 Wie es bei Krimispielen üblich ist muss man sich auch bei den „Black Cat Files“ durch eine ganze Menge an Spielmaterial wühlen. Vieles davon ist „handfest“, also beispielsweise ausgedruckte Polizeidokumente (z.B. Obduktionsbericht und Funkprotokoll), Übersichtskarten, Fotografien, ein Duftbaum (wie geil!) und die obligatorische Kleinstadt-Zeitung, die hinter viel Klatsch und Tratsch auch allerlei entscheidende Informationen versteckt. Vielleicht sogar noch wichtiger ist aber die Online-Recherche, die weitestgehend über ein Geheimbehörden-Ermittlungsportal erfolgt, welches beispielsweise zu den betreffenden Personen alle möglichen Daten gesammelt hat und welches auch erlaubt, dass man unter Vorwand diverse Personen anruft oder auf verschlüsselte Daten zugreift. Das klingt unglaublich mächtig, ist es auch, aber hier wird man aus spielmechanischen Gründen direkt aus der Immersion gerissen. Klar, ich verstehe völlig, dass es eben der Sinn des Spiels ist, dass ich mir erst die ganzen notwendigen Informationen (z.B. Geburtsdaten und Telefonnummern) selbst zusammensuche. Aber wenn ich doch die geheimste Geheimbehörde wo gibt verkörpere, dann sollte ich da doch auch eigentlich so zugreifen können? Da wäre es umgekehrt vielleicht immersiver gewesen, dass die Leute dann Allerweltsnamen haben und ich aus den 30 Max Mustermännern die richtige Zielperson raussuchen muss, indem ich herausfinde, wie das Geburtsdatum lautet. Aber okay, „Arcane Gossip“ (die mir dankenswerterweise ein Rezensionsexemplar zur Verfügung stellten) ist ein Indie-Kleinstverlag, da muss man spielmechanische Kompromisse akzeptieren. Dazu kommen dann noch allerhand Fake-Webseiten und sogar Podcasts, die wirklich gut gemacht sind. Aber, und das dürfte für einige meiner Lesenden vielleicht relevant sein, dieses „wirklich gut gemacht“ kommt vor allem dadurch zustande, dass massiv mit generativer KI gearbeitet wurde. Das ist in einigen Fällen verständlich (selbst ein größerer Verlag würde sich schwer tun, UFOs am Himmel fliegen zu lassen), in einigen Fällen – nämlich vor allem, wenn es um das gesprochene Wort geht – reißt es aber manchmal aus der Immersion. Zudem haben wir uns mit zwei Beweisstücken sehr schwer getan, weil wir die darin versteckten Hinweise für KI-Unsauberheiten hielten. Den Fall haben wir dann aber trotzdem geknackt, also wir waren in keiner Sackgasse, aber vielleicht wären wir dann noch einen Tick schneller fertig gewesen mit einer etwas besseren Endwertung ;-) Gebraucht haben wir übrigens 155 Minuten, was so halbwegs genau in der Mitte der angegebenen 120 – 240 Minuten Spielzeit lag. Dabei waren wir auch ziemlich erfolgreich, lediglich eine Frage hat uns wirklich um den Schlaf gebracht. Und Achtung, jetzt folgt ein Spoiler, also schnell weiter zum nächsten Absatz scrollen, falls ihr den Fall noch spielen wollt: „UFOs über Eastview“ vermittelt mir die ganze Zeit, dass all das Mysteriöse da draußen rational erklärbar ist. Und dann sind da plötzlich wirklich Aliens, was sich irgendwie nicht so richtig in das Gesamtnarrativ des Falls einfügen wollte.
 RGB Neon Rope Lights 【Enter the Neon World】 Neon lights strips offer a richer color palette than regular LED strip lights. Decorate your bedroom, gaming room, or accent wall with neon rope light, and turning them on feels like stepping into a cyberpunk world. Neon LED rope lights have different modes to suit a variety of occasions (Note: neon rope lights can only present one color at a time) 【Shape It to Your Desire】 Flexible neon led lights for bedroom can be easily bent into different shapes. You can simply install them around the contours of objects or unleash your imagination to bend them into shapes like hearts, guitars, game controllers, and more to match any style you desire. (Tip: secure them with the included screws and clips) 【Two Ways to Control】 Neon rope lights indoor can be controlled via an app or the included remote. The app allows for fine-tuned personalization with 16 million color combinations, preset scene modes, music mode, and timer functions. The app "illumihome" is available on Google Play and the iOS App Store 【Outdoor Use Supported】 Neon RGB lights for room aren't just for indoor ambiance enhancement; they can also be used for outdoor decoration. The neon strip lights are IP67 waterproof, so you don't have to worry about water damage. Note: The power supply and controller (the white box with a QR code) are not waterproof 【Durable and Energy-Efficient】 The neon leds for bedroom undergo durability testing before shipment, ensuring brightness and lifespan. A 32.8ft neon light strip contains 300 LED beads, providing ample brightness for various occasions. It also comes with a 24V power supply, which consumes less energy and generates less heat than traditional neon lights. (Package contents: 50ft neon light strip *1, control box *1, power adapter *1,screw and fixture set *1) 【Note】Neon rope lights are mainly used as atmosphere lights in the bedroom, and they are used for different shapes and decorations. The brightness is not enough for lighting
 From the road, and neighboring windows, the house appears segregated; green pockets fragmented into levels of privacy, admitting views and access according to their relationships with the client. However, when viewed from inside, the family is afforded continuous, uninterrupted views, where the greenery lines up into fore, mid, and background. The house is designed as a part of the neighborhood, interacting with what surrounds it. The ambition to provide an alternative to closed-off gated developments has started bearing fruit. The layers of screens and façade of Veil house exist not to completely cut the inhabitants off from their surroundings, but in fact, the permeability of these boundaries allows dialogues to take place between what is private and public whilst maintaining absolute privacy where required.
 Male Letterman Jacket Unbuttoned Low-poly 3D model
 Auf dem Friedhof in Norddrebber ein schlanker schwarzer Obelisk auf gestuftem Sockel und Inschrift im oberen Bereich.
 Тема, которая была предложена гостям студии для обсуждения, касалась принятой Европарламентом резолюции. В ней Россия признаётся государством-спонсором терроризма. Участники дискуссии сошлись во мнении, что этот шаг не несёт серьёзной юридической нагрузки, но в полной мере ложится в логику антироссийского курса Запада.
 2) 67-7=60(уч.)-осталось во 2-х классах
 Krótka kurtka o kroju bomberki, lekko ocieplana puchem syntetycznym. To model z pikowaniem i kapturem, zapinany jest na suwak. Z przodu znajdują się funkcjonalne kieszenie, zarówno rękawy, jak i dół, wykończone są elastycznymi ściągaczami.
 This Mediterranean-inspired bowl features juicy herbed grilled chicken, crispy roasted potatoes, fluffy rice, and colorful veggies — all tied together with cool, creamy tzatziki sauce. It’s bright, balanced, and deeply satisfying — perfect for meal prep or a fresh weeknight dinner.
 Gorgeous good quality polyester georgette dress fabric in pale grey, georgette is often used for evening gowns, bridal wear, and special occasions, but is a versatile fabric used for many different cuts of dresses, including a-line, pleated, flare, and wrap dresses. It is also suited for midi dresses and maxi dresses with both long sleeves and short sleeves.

——————

## TASK DIRECTIONS
The answer is a bare number: how many lines of the records contain the string "model"?

## YOUR RESPONSE
2